Link: Multiple regression R Linear regression in R
Check the full code in github repo.
Do multiple regression in R
Plot the basic correlation
library(dplyr)
mouse.data <- data.frame(
size = c(1.4, 2.6, 1.0, 3.7, 5.5, 3.2, 3.0, 4.9, 6.3),
weight = c(0.9, 1.8, 2.4, 3.5, 3.9, 4.4, 5.1, 5.6, 6.3),
tail = c(0.7, 1.3, 0.7, 2.0, 3.6, 3.0, 2.9, 3.9, 4.0))
plot(mouse.data)
Interpret the graph
Identify the correlation by eye-balling:
- Both weight and tail are correlated with size.

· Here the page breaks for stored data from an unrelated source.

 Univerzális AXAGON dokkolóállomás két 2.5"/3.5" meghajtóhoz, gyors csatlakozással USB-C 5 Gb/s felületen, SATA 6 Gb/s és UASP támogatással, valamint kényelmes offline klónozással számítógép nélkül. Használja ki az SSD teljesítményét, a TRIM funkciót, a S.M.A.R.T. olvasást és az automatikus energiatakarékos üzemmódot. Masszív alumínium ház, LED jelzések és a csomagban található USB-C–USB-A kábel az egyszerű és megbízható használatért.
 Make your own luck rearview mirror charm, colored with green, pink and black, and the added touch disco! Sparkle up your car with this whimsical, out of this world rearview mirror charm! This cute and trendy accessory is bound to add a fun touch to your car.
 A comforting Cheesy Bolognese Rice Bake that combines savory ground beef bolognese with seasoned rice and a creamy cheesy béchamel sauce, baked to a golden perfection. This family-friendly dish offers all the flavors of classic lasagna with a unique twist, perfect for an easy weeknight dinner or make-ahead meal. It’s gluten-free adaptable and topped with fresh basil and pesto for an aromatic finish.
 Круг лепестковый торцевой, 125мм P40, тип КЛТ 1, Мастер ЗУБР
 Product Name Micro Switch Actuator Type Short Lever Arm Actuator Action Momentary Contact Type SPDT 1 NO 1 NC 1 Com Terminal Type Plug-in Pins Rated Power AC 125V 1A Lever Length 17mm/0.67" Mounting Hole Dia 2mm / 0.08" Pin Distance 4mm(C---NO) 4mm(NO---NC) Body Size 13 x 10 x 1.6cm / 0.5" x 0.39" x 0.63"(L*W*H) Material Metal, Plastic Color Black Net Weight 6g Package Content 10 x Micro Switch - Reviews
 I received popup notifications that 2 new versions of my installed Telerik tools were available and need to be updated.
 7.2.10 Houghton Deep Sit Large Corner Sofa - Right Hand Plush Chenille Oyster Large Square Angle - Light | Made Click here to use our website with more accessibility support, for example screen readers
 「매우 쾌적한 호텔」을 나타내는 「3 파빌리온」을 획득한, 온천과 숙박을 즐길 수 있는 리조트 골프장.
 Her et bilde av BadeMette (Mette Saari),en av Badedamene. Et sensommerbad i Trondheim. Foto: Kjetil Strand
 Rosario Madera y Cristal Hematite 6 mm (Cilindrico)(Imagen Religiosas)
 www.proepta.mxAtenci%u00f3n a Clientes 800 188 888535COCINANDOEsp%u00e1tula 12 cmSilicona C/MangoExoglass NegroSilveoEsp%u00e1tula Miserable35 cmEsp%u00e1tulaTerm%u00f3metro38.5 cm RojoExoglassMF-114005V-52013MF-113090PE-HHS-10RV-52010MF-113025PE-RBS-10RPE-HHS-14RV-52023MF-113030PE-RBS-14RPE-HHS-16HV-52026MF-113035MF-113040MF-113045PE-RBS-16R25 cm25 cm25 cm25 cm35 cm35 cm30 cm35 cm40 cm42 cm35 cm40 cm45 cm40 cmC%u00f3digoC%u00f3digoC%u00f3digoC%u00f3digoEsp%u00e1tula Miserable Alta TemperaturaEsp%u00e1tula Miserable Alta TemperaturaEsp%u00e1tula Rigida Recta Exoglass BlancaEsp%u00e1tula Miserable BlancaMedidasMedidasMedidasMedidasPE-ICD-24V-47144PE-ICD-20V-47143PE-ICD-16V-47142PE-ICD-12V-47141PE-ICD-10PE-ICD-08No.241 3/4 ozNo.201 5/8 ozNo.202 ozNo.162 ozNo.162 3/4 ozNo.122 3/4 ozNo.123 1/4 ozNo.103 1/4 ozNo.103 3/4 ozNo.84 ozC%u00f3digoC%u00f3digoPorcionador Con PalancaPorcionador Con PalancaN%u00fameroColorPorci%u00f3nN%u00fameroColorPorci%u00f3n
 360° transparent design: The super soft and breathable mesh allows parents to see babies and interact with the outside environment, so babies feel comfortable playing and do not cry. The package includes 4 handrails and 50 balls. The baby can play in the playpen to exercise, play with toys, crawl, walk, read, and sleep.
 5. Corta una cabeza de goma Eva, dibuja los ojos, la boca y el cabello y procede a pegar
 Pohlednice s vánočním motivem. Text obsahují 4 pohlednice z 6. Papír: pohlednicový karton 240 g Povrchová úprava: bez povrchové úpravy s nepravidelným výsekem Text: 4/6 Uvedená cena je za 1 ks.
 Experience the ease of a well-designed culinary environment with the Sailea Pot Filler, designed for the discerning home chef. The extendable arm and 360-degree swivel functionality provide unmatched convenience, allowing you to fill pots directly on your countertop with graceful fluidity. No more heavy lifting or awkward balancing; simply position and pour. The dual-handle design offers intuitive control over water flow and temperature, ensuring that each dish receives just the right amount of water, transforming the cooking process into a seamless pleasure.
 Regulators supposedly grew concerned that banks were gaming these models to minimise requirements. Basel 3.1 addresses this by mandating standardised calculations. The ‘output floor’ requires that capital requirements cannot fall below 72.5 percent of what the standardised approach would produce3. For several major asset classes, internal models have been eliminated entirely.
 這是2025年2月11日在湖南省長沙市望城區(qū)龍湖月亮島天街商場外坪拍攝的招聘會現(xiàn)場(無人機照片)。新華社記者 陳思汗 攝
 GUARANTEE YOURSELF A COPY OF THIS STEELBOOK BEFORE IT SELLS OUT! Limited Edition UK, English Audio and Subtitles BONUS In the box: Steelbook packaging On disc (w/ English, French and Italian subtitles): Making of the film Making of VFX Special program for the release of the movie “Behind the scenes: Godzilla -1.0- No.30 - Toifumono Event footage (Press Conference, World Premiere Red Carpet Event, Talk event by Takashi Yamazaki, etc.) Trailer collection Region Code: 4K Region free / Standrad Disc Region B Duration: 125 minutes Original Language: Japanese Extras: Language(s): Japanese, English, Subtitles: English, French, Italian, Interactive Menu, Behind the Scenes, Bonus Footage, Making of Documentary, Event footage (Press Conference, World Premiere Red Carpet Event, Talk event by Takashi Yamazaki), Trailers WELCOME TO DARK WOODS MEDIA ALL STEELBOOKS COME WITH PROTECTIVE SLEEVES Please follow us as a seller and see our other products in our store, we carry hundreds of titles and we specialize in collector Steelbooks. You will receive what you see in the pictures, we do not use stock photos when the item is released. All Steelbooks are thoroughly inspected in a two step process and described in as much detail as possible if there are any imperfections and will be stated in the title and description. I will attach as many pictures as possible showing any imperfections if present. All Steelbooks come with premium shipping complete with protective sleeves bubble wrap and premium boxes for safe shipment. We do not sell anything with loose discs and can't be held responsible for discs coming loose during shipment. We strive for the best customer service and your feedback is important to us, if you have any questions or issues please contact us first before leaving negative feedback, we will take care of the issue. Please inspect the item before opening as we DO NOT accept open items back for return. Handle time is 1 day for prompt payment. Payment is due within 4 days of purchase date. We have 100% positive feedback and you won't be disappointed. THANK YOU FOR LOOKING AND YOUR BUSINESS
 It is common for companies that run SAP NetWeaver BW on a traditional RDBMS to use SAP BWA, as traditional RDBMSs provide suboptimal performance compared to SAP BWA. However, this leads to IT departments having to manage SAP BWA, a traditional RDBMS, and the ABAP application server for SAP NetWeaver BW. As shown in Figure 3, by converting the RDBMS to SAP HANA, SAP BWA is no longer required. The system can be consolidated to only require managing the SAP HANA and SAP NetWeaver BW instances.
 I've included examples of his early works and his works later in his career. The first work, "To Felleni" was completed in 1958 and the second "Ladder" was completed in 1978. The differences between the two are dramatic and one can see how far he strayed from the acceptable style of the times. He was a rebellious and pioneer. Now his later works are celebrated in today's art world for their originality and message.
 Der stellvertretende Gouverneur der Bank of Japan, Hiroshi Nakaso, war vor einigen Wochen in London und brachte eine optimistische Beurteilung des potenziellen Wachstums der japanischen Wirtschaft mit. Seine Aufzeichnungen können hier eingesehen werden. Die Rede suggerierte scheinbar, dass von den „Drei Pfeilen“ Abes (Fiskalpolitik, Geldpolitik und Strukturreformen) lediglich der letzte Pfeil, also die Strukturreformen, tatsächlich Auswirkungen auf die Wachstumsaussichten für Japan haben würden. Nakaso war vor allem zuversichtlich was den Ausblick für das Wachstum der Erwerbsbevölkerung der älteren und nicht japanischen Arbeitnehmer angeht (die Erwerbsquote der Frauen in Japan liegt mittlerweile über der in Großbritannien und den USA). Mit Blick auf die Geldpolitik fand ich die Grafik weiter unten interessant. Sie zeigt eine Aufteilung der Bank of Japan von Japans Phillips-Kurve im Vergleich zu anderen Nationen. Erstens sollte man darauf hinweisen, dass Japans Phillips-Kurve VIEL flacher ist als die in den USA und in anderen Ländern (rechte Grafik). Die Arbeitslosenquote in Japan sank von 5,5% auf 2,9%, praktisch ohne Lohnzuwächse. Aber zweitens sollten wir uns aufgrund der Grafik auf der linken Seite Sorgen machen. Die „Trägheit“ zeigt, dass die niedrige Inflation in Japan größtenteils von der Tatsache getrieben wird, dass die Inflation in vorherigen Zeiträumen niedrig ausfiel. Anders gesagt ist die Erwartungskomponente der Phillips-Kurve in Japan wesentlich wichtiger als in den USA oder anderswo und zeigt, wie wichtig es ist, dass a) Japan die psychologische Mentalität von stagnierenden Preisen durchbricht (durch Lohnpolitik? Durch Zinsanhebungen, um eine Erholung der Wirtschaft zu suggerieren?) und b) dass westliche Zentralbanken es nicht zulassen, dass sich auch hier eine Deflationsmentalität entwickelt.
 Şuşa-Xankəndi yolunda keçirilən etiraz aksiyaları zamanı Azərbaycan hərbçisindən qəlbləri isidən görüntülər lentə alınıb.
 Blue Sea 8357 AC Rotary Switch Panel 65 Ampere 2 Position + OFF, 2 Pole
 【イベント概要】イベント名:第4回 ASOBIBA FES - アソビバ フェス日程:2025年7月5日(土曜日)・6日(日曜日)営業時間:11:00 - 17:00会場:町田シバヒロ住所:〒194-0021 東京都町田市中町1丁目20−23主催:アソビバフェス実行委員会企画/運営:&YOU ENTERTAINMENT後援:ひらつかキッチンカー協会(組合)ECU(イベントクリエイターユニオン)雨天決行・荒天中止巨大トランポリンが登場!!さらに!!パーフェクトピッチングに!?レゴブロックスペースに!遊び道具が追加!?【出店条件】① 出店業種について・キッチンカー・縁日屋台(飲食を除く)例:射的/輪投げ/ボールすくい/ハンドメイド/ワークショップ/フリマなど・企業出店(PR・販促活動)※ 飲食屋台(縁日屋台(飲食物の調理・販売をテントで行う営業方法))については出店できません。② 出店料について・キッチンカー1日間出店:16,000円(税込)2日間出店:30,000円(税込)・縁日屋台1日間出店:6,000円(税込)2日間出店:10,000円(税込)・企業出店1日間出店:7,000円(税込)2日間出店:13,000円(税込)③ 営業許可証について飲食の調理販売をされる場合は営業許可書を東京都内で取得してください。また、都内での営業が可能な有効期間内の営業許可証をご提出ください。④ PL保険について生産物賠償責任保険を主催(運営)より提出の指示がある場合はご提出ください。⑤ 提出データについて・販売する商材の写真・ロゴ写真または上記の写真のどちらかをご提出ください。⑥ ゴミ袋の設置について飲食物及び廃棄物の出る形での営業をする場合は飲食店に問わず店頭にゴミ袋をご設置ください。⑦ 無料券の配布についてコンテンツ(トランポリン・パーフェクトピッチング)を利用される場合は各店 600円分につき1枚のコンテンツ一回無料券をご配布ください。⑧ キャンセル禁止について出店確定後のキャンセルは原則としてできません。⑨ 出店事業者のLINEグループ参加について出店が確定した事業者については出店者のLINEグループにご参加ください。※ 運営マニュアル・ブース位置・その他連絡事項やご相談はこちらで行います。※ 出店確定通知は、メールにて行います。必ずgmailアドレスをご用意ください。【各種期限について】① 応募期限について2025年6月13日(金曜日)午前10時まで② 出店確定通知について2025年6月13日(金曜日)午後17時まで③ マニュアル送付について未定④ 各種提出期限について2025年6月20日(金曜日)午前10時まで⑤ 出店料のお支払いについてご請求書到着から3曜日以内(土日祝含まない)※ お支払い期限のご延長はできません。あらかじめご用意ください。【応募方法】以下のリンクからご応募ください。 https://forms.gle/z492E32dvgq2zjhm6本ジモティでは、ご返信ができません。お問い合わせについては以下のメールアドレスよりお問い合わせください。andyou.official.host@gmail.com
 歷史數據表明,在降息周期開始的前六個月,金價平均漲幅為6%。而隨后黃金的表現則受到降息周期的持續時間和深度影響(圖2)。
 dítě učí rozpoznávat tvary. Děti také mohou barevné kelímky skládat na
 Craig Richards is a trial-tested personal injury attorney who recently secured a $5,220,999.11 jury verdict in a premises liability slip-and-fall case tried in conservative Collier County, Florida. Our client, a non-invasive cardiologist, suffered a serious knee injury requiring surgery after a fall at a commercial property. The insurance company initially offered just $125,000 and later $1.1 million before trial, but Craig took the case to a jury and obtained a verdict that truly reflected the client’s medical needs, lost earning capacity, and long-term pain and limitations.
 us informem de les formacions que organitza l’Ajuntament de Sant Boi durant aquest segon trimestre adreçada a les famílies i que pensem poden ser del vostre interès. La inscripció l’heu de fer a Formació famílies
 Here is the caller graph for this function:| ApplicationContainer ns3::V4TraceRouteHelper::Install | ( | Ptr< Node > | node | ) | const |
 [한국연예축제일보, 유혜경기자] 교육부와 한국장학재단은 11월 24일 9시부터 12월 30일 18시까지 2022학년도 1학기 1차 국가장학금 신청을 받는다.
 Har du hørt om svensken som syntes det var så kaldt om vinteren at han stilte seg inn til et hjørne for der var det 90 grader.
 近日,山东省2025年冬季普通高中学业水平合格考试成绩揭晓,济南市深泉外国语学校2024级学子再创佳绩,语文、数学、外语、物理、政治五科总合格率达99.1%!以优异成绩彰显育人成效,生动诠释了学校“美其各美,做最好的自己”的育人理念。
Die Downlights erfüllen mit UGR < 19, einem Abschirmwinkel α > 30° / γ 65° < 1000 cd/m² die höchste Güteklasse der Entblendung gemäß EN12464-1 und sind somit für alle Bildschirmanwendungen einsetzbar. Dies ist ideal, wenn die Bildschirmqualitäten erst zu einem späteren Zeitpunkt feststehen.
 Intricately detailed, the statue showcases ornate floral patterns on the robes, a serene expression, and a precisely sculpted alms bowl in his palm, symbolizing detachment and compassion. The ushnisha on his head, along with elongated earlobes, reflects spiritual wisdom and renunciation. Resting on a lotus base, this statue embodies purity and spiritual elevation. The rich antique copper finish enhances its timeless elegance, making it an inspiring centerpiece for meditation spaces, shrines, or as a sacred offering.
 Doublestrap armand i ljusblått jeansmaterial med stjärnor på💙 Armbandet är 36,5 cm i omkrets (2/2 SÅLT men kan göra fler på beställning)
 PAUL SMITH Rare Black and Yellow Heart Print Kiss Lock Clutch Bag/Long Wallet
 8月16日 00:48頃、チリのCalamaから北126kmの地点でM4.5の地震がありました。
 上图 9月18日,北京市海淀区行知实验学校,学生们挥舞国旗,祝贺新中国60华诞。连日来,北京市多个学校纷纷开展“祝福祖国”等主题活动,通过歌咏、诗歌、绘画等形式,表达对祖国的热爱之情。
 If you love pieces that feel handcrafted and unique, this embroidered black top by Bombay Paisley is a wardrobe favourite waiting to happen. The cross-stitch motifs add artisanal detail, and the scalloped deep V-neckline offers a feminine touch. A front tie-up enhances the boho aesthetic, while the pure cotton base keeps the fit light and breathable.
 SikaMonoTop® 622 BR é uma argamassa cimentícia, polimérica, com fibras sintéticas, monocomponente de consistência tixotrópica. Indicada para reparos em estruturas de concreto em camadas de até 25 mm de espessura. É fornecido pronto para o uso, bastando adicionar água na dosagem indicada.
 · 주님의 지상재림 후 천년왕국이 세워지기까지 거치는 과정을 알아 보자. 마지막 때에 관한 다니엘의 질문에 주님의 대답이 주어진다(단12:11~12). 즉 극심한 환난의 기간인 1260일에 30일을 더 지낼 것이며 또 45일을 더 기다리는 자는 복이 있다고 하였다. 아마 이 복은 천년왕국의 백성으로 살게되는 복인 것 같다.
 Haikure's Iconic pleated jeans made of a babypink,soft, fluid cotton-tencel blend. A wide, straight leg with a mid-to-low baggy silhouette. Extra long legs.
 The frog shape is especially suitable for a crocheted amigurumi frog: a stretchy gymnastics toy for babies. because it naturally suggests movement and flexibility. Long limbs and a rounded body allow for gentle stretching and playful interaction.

- weight and tail are also correlated - so we might not need both
Fit a plane to the data
Use ”+” sign in lm()
to indicate multiple parameters.
multiple.regression <- lm(size ~ weight + tail, data=mouse.data)
Use summary() to interpret the results
Note: since we are using multiple regression, the adjusted R-squared would be more meaningful.
Call:
lm(formula = size ~ weight + tail, data = mouse.data)
Residuals:
Min 1Q Median 3Q Max
-0.99928 -0.38648 -0.06967 0.34454 1.07932
Coefficients:
Estimate Std. Error t value Pr(>|t|)
(Intercept) 0.7070 0.6510 1.086 0.3192
weight -0.3293 0.3933 -0.837 0.4345
tail 1.6470 0.5363 3.071 0.0219 *
---
Signif. codes: 0 ‘***’ 0.001 ‘**’ 0.01 ‘*’ 0.05 ‘.’ 0.1 ‘ ’ 1
Residual standard error: 0.8017 on 6 degrees of freedom
Multiple R-squared: 0.8496, Adjusted R-squared: 0.7995
F-statistic: 16.95 on 2 and 6 DF, p-value: 0.003399
How to compare between multiple vs linear regression
We can do so by comparing the coefficient table with simple linear regression:
The lines of x variables represents the results of multipe regression while comparing with simple linear regression without it.
e.g. The weight line compares the multipel regression y = n + a*weight + b*tail vs simple regression y = n + b*tail. In this case, p-value > 0.05, so weight + tail is not significantly better(important) than using tail alone to predict size, meaning we can get rid of weight in the model.